Description of the task: The answer must be an exact reprint of the lines from the one with "值得一提的是,今年的创客夏令" through the final line of the data, with no pictures included.

(Collected data)
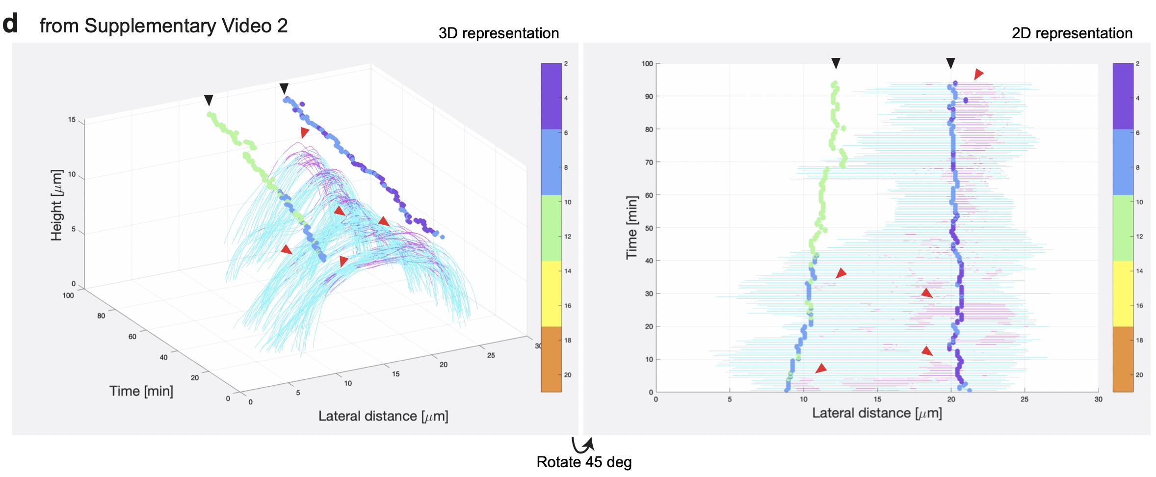 Supplementary Fig. 1 Filopodia dynamics during the probing phase of MCC integration. [continued] d, Representation of different modes of visualization of filopodia activity (stills adapted from Supplementary Video 2). F-actin filopodia extended by a single MCC are labeled in magenta while the MCC leading-edge is labeled in cyan. The overlying vertices are represented by the vertical tracks marked by black arrowheads, color-coded for the distance between the MCC tip and the left or right vertex during the probing phase. Lateral distance in μm describes the distance migrated in XY, whereas Height in μm describes the distance migrated in the axial direction. Red arrowheads mark filopodia-vertex interactions. |
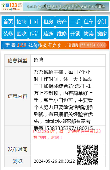 ????诚招主播,每日7个小时工作时间,休三天!底薪三千加提成综合薪资5千-1万上不封顶,内容简单好上手,新手小白也可,主要看个人努力只要敢说话都能挣到钱,有直播相关经验者优先, 地址:水榭花都有意者联系15383335397/18021517772 【电话咨询时,请一定说明在宁晋123看到的,谢谢!】 |
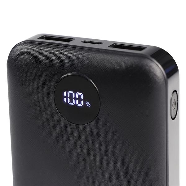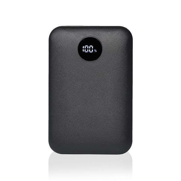 Power bank Air Gifts 10000 mAh, może zmieścić się w kieszeni czy większości przegródek w plecaku, posiada cyfrowy wyświetlacz poziomu naładowania, wejścia 5V/2A: USB-C oraz micro USB, 2 wyjścia USB (max. 5V/2A), możliwość ładowania dwóch urządzeń jednocześnie, w komplecie kabel USB-C oraz filcowe etui z karabińczykiem umożliwiającym przypinanie, produkt wykonany z ABS i filcu
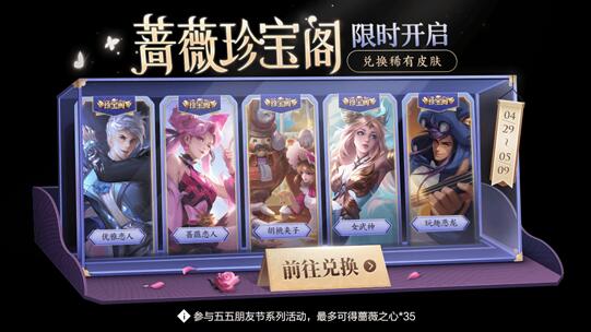 珍宝阁开放期间,参加五五朋友节系列活动最多可获得蔷薇之心*35。
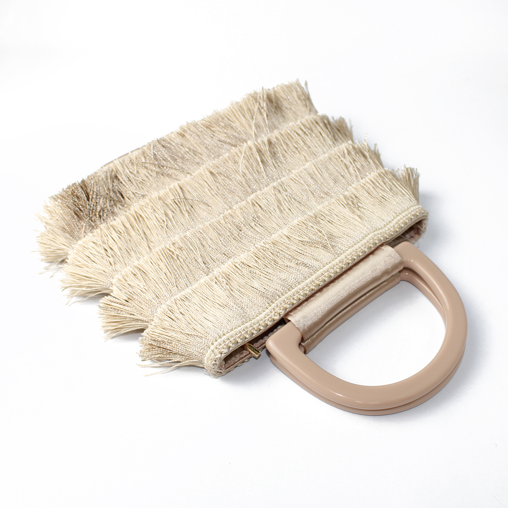 Dê um toque de movimento e glamour ao seu visual com a nossa Bolsa de Mão Nude com Franjas. Esta peça statement é revestida por camadas de franjas delicadas que proporcionam um efeito visual incrível e sofisticado.
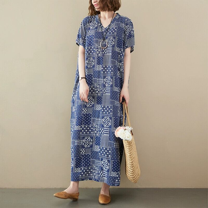 220 キャティーズプラスサイズの女性の夏ニューエイジ削減半袖 V ネックプリントドロップローブカジュアル A ライン薄いドレス 大きめサイズ サマー 夏物 Vネック Aライン sine67882855329
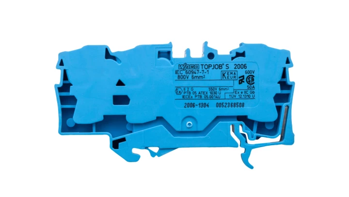 złączka przelotowa 3-przewodowa; 6 mm²; do zastosowań Ex e II oraz Ex i; opis z boku i na środku; na szynę TS 35 x 15 i 35 x 7,5; Push-in CAGE CLAMP®; 6,00 mm²; niebieski
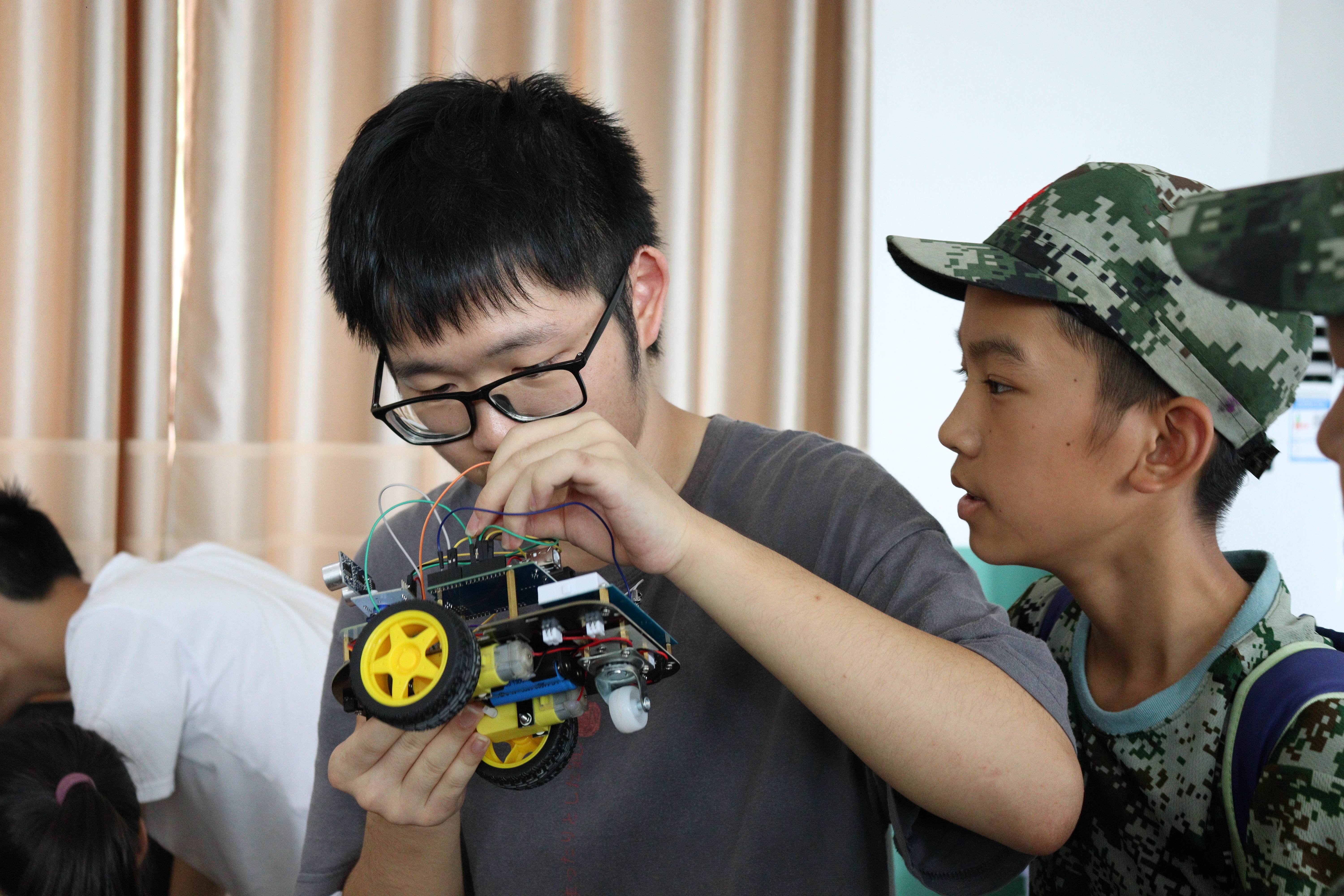 值得一提的是,今年的创客夏令营在给当地中小学生上课的同时,还在当地教育主管部门的指导和协助下,积极吸纳了当地中小学的数十位创客教师共同参与。在“授人以渔、教学相长”的理念下,团队希望通过当地创客教师的力量,带动当地整体创客教育水平的提升,让优质创客教育资源辐射和惠及更多学生。
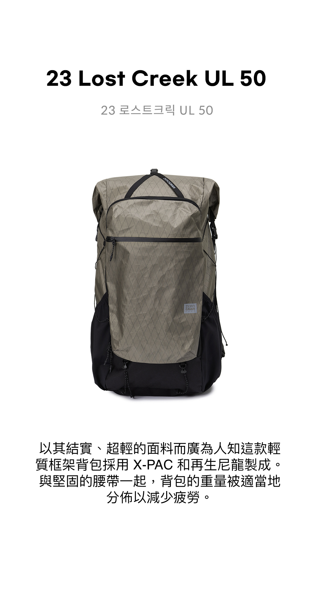 Zerogram 23 Lost Creek UL 50 X-Pac Backpack 輕量戶外背包
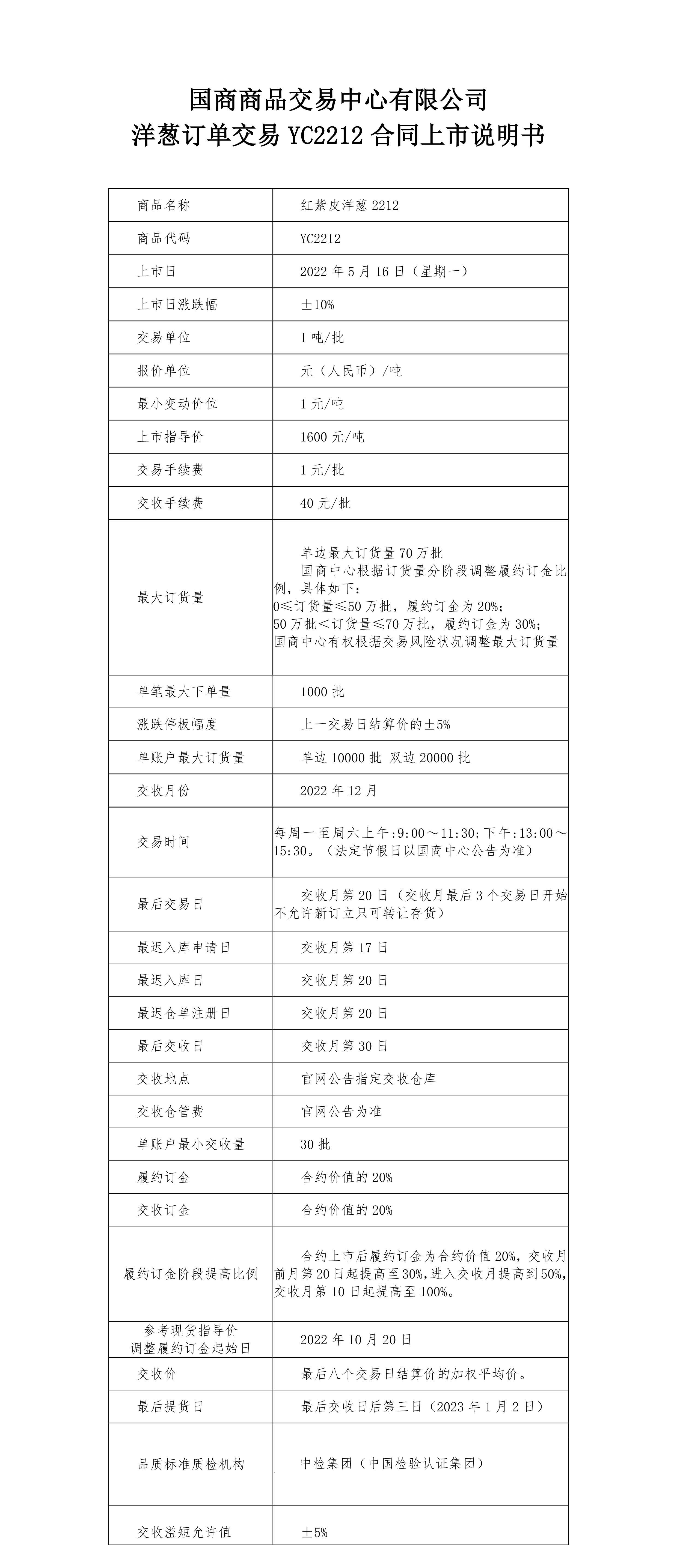 洋葱订单交易YC2212合同上市说明书
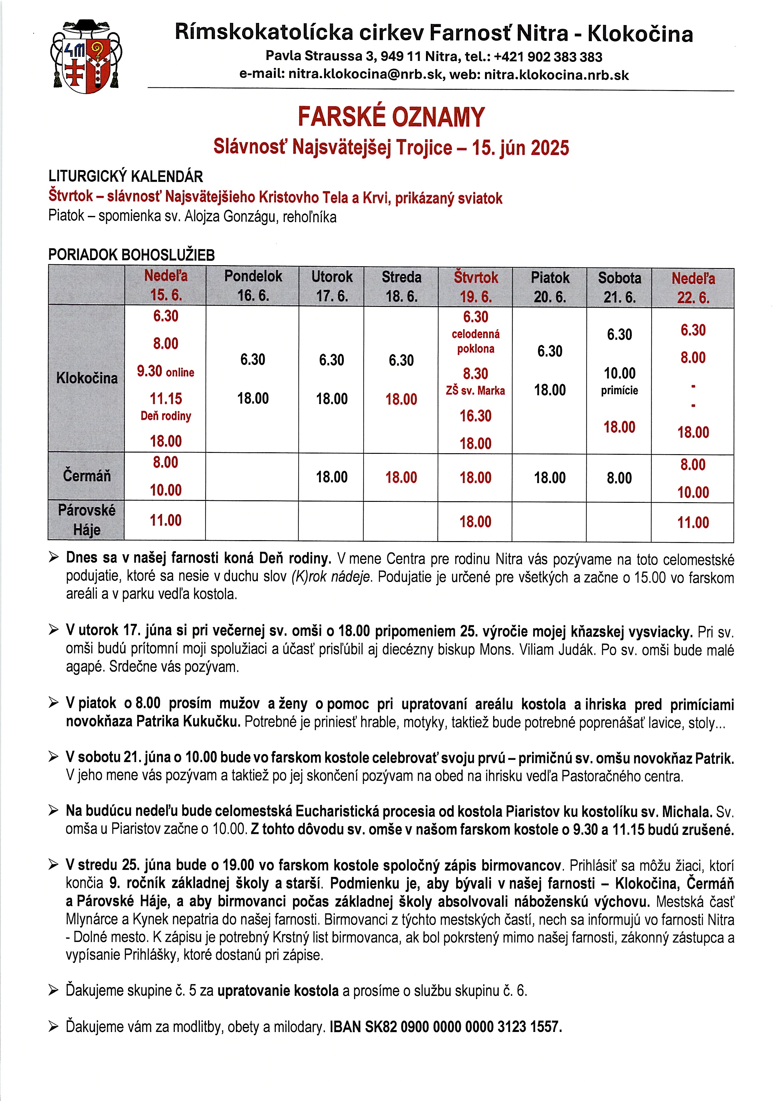 Na budúcu nedeľu bude celomestská Eucharistická procesia od kostola Piaristov ku kostolíku sv. Michala. omša u Piaristov začne o 10.00. Z tohto dôvodu sv. omše v našom farskom kostole o 9.30 a 11.15 budú zrušené.
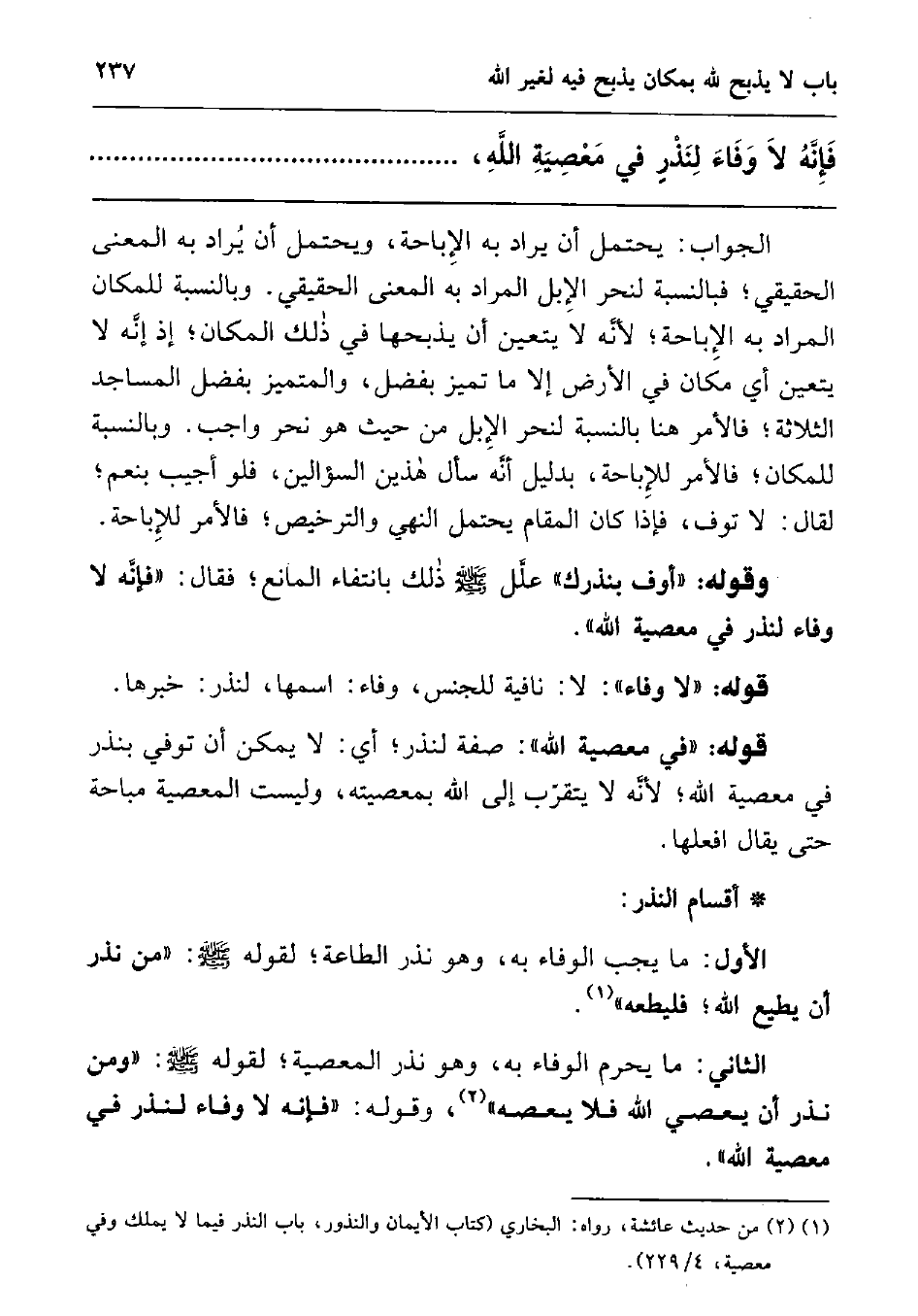 قوله: "لا وفاء": لا: نافية للجنس، وفاء: اسمها، لنذر: خبرها. قوله: "في معصية الله": صفة لنذر، أي: لا يمكن أن توفي بنذر في معصية الله، لأنه لا يتقرب إلى الله بمعصيته، وليست المعصية مباحة، حتى يقال: افعلها.

Output of the exercise:
 值得一提的是,今年的创客夏令营在给当地中小学生上课的同时,还在当地教育主管部门的指导和协助下,积极吸纳了当地中小学的数十位创客教师共同参与。在“授人以渔、教学相长”的理念下,团队希望通过当地创客教师的力量,带动当地整体创客教育水平的提升,让优质创客教育资源辐射和惠及更多学生。
 Zerogram 23 Lost Creek UL 50 X-Pac Backpack 輕量戶外背包
 洋葱订单交易YC2212合同上市说明书
 Na budúcu nedeľu bude celomestská Eucharistická procesia od kostola Piaristov ku kostolíku sv. Michala. omša u Piaristov začne o 10.00. Z tohto dôvodu sv. omše v našom farskom kostole o 9.30 a 11.15 budú zrušené.
 قوله: "لا وفاء": لا: نافية للجنس، وفاء: اسمها، لنذر: خبرها. قوله: "في معصية الله": صفة لنذر، أي: لا يمكن أن توفي بنذر في معصية الله، لأنه لا يتقرب إلى الله بمعصيته، وليست المعصية مباحة، حتى يقال: افعلها.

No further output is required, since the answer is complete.